**Problem details:** The expected result is a verbatim repetition of the lines from the start of the entries through the line containing "Occupancy rates have", with the pictures removed.

**Information given:**
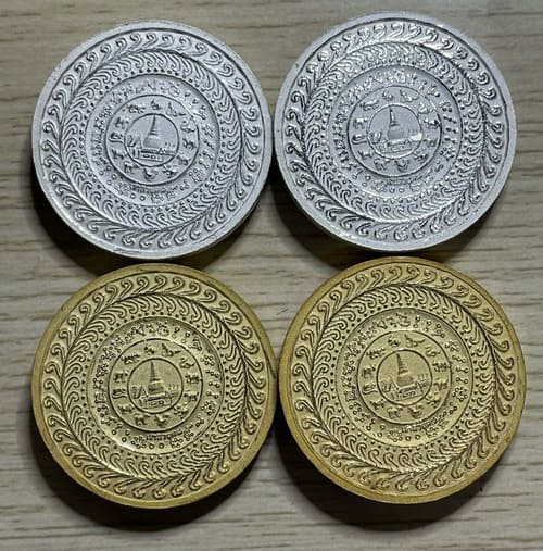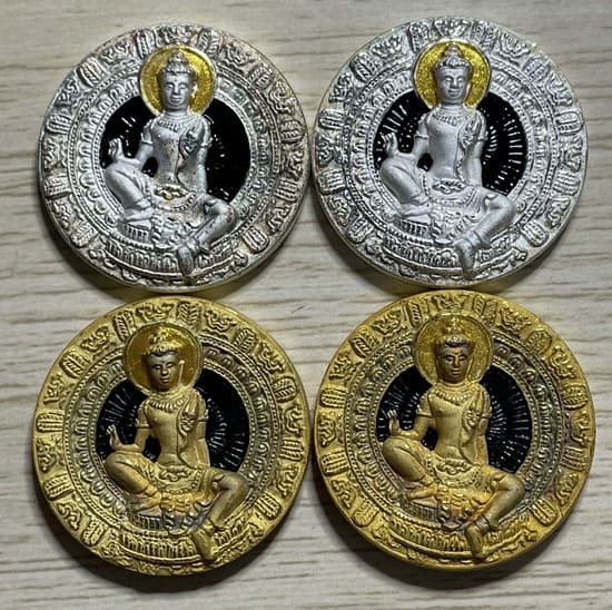 รายละเอียด องค์พ่อจตุคามรามเทพ รุ่นเจ้าสัวยุคแปด ปี 2550 โลหะพ่นทรายเงินลงยา2+โลหะพ่นทองลงยา2 ขนาด 3.2 ซม. รวม 4 องค์ ชุดที่ 4
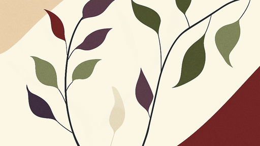 WonderMuralDeze foto behang heeft een elegant ontwerp van gestileerde bladeren in verschillende tinten, variërend van groen tot bordeaux, op een crèmekleurige...
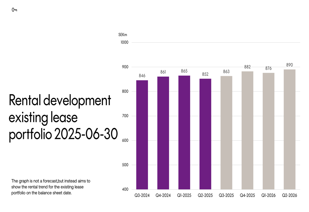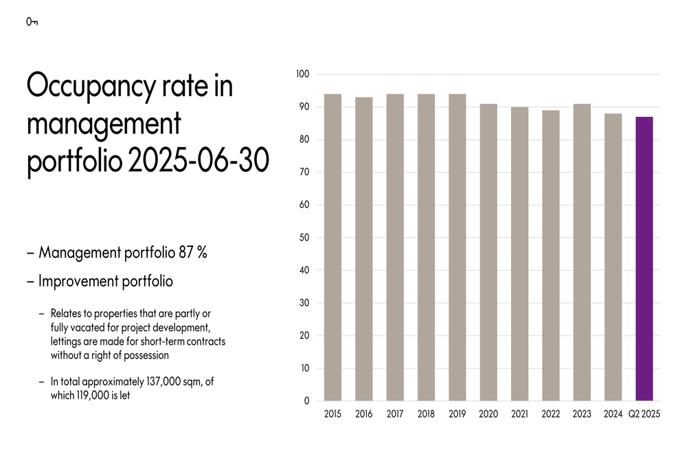 Occupancy rates have declined to 87% in Q2 2025, down from historical rates that were consistently above 90%. This trend reflects the broader market challenges in Stockholm’s office sector, as illustrated in the following chart:
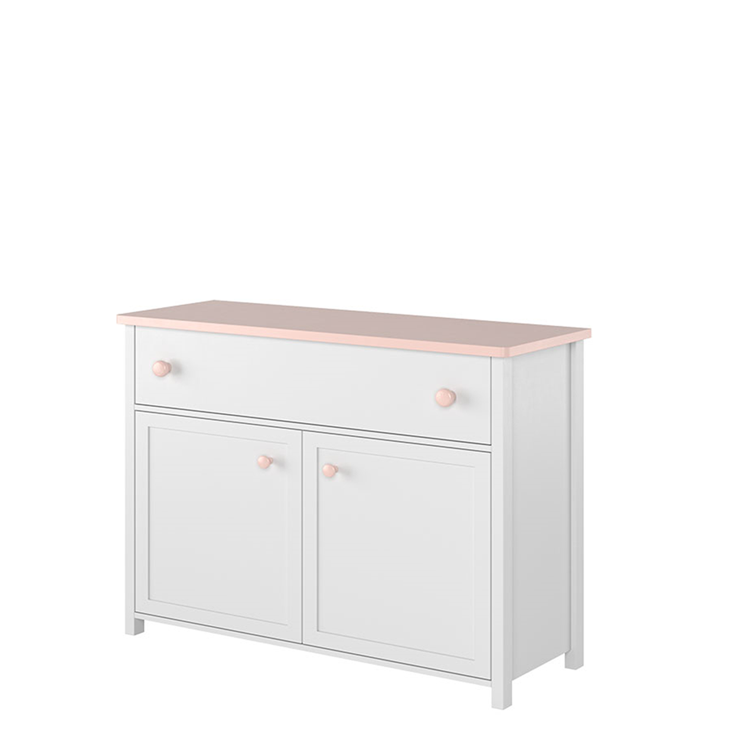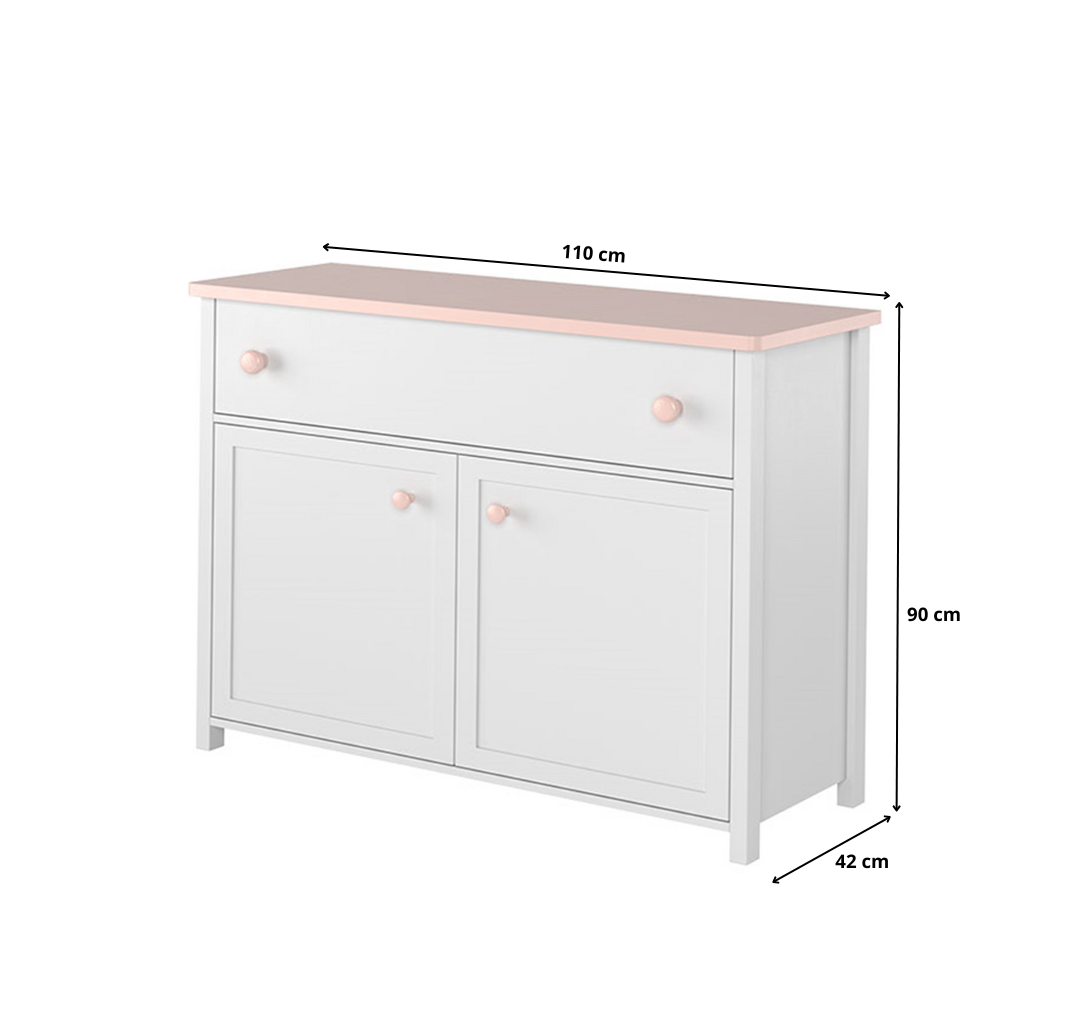 Funkcjonalna komoda z dwiema szafkami i jedną szufladą – idealna do pokoju młodzieżowego lub garderoby. Dzięki nowoczesnemu połączeniu koloru biały alpejski i różowy doskonale wpisuje się w modną aranżację wnętrza.
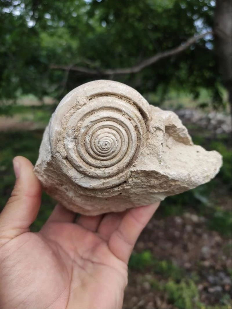 Mersin Bisiklet Derneği Başkanı Süleyman Uygun, kardeşi ve yeğeniyle, Toroslar ilçesinin Arslanköy Yaylası'nda bisiklet sürerken bir kayanın içinde salyangozu andıran fosil buldu.

**Response for this exercise:**
 รายละเอียด องค์พ่อจตุคามรามเทพ รุ่นเจ้าสัวยุคแปด ปี 2550 โลหะพ่นทรายเงินลงยา2+โลหะพ่นทองลงยา2 ขนาด 3.2 ซม. รวม 4 องค์ ชุดที่ 4
 WonderMuralDeze foto behang heeft een elegant ontwerp van gestileerde bladeren in verschillende tinten, variërend van groen tot bordeaux, op een crèmekleurige...
 Occupancy rates have declined to 87% in Q2 2025, down from historical rates that were consistently above 90%. This trend reflects the broader market challenges in Stockholm’s office sector, as illustrated in the following chart:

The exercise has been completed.